You know those stupid relationship quotes and pictures people post on Facebook? Like, "back in our grandparents' time there was less divorce because people worked for what they wanted and they worked out their problems." I'm thinking, no, divorce was not accepted and women were in a lesser role so that shit got rug swept. Or just anything about if you want a relationship how you have to work for it and fight for it. And in my head I'm thinking, "yeah...but that is saying that I will accept toxic behavior so I can have a relationship and assuming he will change because I'm fighting to stay and it will be done because he loves me." Most of the time the people posting that kind of stuff don't have very healthy relationships either.

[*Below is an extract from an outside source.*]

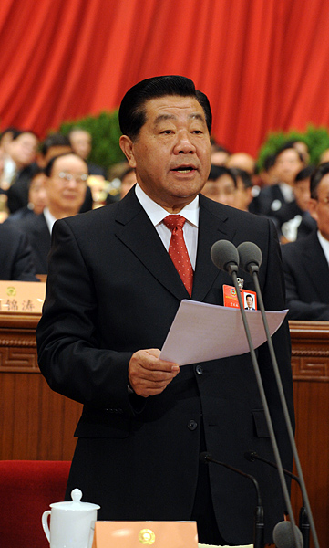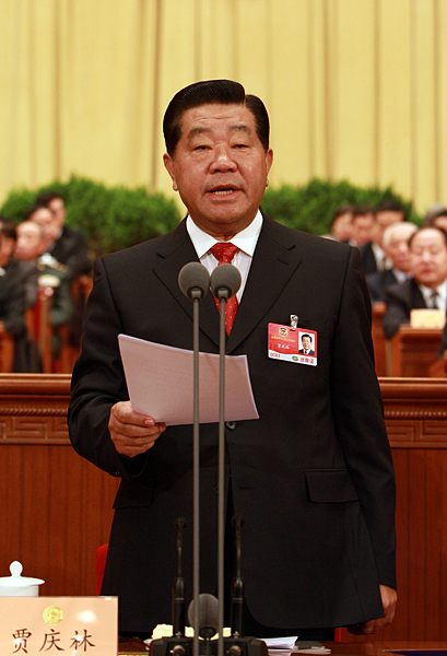 全國政協(xié)主席賈慶林主持閉幕會并講話。新華社記者李學(xué)仁攝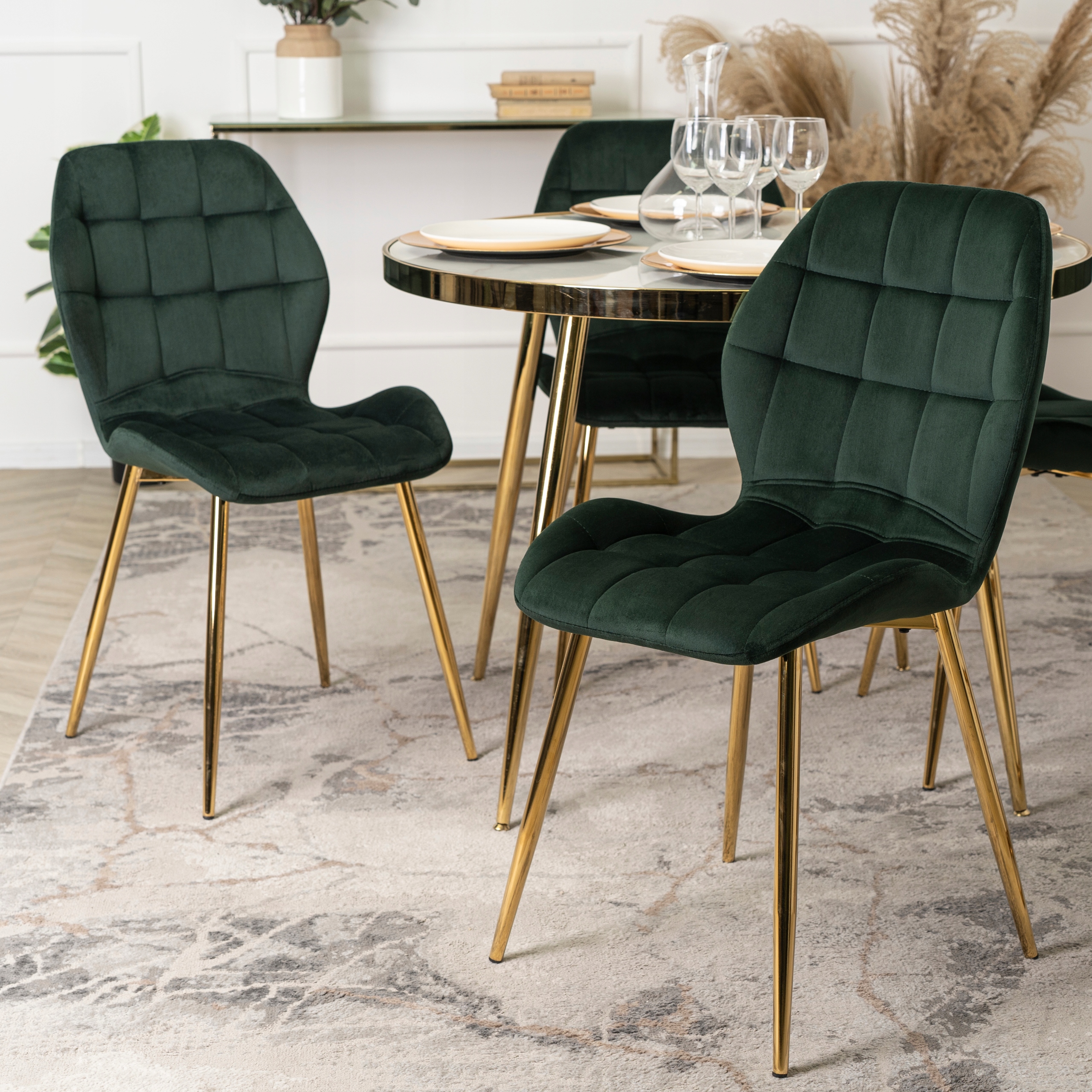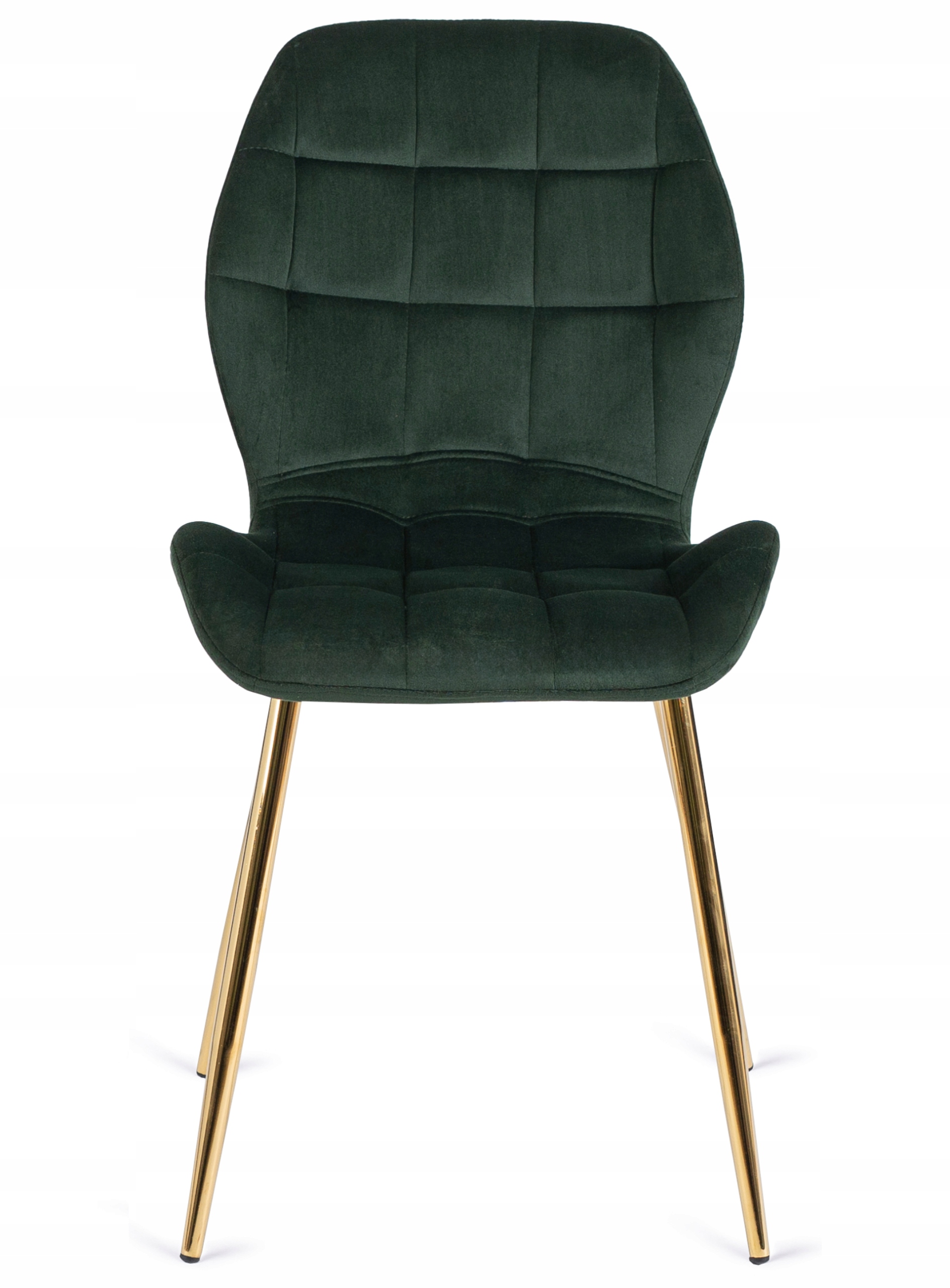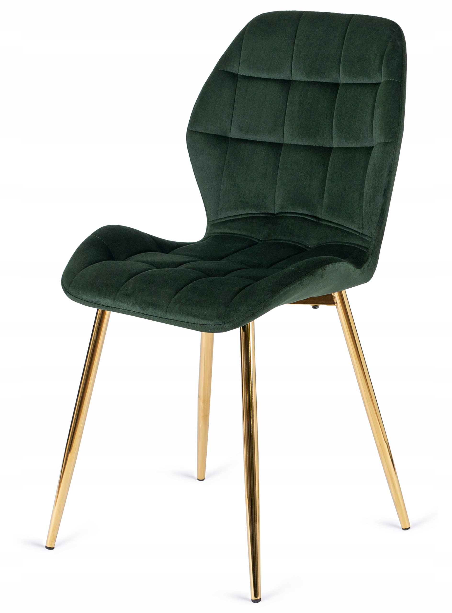 ⭐ Estetyka - tapicerkę stanowi wysokiej jakości tkanina welurowa z dekoracyjnym pikowaniem w kratę, a złoty kolor metalowych nóg podkreśla elegancki wygląd krzesła.

Anyway, I just thought how bitter I sounded in my head. Totally not going to go there on Facebook. And then I think, "ok TCD. Just shut up and start your cat collection. You have three and you've been burned...you're well on your way to be a crazy cat lady."

Me: 35
WH: 37 TimeToManUp
Married: 14 years, together 19 years
3 daughters: 12, 8, 6, and 2 angel babies (2013 and 2014)

D-Day: 12/21/2011
Confronted him: 12/22/2011

This is the most difficult thing I've ever done.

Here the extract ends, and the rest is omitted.